[Records from a data source]
::::::::::

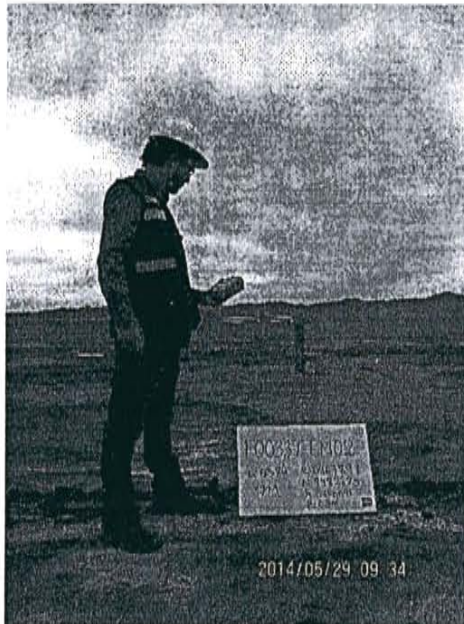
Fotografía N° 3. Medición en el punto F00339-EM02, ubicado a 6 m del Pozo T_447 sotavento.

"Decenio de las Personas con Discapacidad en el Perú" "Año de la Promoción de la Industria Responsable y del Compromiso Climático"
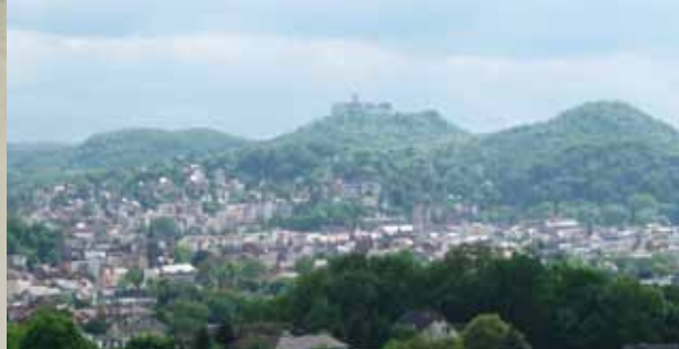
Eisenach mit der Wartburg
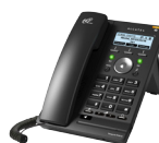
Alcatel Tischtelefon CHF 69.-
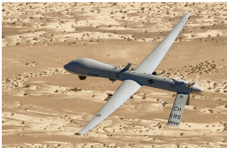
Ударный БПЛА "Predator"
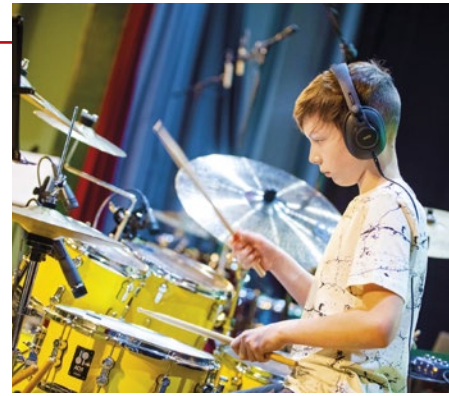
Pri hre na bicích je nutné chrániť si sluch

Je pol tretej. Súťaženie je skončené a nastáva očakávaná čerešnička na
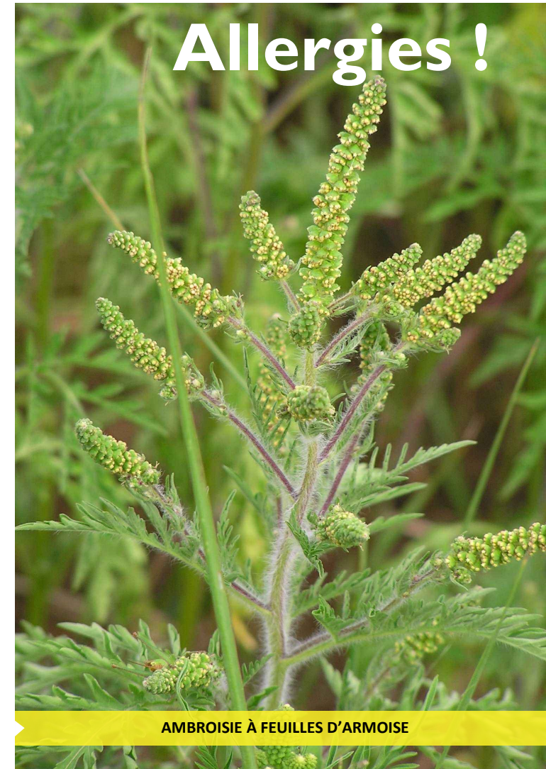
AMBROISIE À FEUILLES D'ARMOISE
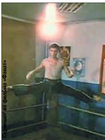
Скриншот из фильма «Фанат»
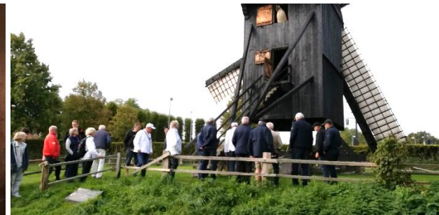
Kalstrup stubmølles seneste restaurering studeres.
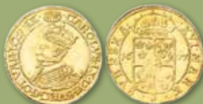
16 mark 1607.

::::::::::

**The task**
Restating the data word for word is the task, and pictures are to be omitted.

**Task response**
Fotografía N° 3. Medición en el punto F00339-EM02, ubicado a 6 m del Pozo T_447 sotavento.

"Decenio de las Personas con Discapacidad en el Perú" "Año de la Promoción de la Industria Responsable y del Compromiso Climático"
Eisenach mit der Wartburg
Alcatel Tischtelefon CHF 69.-
Ударный БПЛА "Predator"
Pri hre na bicích je nutné chrániť si sluch

Je pol tretej. Súťaženie je skončené a nastáva očakávaná čerešnička na
AMBROISIE À FEUILLES D'ARMOISE
Скриншот из фильма «Фанат»
Kalstrup stubmølles seneste restaurering studeres.
16 mark 1607.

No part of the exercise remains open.